Juror B said: "The system doesn't work. He was guilty, but we couldn't get a unanimous guilty verdict. The result was a compromise."
But other jurors said they argued there was reasonable doubt because the police investigation had holes and Aki told too many different stories.
"There were too many loose ends," said Juror C. "Maybe he did kill her, but the evidence didn't prove it. And after Aki told too many different stories, I couldn't believe anything."
City Prosecutor Peter Carlisle wanted the jurors to believe that Aki had driven the girl away from her family and their Halawa housing complex to Keaiwa Heiau State Park. In a crystal methamphetamine-induced rage, Aki beat her and discarded her body in the bushes, Carlisle said. In a videotaped police confession, Aki said he beat her with a pipe that police never found.

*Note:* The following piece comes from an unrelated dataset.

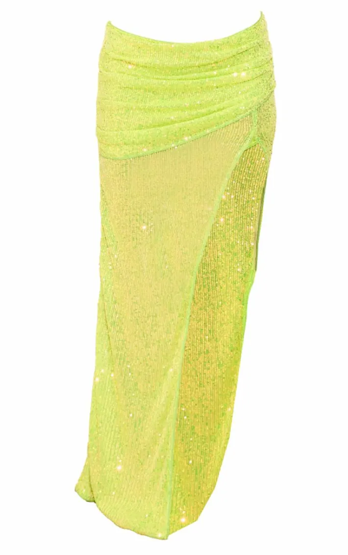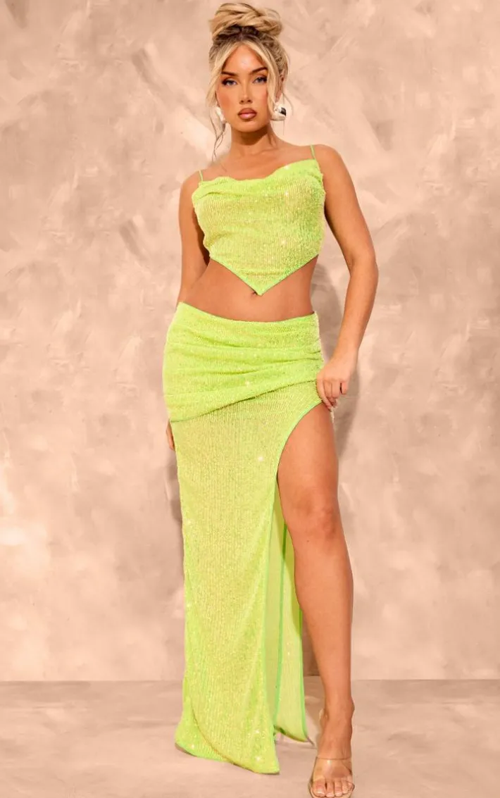 Create a look no one will forget with this lime sequin fold over split leg maxi skirt, we’re seriously in love. This skirt features a lime hue material with sequin detailing and a fold over design, it is perfect for your next event. Style this sequin skirt with the matching top, clear slip-on heels and gold statement earrings for a flawless finish.

Deputy Public Defender Todd Eddins wanted the jurors paralyzed by reasonable doubt. The defense offered other theories, including one about an uncle who allegedly molested her. The defense said that Aki drove Indreginal to the park to confront the uncle. Once there, Eddins alleged that the uncle became enraged, disappeared down a trail with the girl, stabbed her and dropped a large rock on her several times.
The rock, with Indreginal's blood and tissue on it, was found by an investigator from the Public Defender's Office days after her body was removed.
The defense said the initial police confession was false because Aki was afraid of telling the truth. The defense said the uncle held a gun to Aki's head and threatened to kill him and his family if he told.
Juror C didn't believe Aki's confession or the story about the uncle. He, like others, dismissed the story about the rock, saying it was so big it would have crushed her.
But Juror C was critical of the police investigation, saying "it fell short. HPD just stopped looking. I was surprised. They didn't follow up on things."
He also said it hurt the prosecution's case that "the murder weapon, the pipe, was never found. There was no smoking gun."
Juror C said: "Aki took her there (to the park), and whatever happened after, we don't know. But, he also didn't call for help. He left her there to die.
"The killer is still out there. None of us will ever know what happened up there. But Chris knows."
Juror D also criticized the investigation.
"We had to go with the evidence the prosecution came up with, and it wasn't a slam dunk," he said. "The police fell down. They didn't do their job. They relied on the confession."
He added that if the prosecution hadn't offered the option of manslaughter, "The decision would have been harder. It would have been murder or nothing."
Jurors A and B disagreed, saying the police did the best they could.
"The police work wasn't shoddy," said Juror B. "There wasn't much to be found. The body was decomposed. The weapon wasn't found. I think the police did what they could with what they found."
Aki "was just lucky that nobody saw him and they never found the weapon," she said.
She said she believed Aki's first confession to the police.
"I cried watching it and felt sorry for him. I don't think he meant to do it. I think he was on drugs and everything just got out of hand.
"I think he acted alone and the confession is the story (of what happened). The story on the witness stand was a story made up after the fact to get him off the hook."
Juror A agreed, saying "the evidence supported the first confession." She added that in the taped confession Aki "just seemed so sincere. I don't think he planned it. He couldn't quite believe that he'd done it and he surprised himself."
Juror B said the process of reaching a verdict is like putting together a jigsaw puzzle.
"How many pieces do you need to see that the puzzle is a horse? People have different thresholds. Some people need a few pieces, some need lots," she said.
Star-Bulletin reporter Debra Barayuga contributed to this report.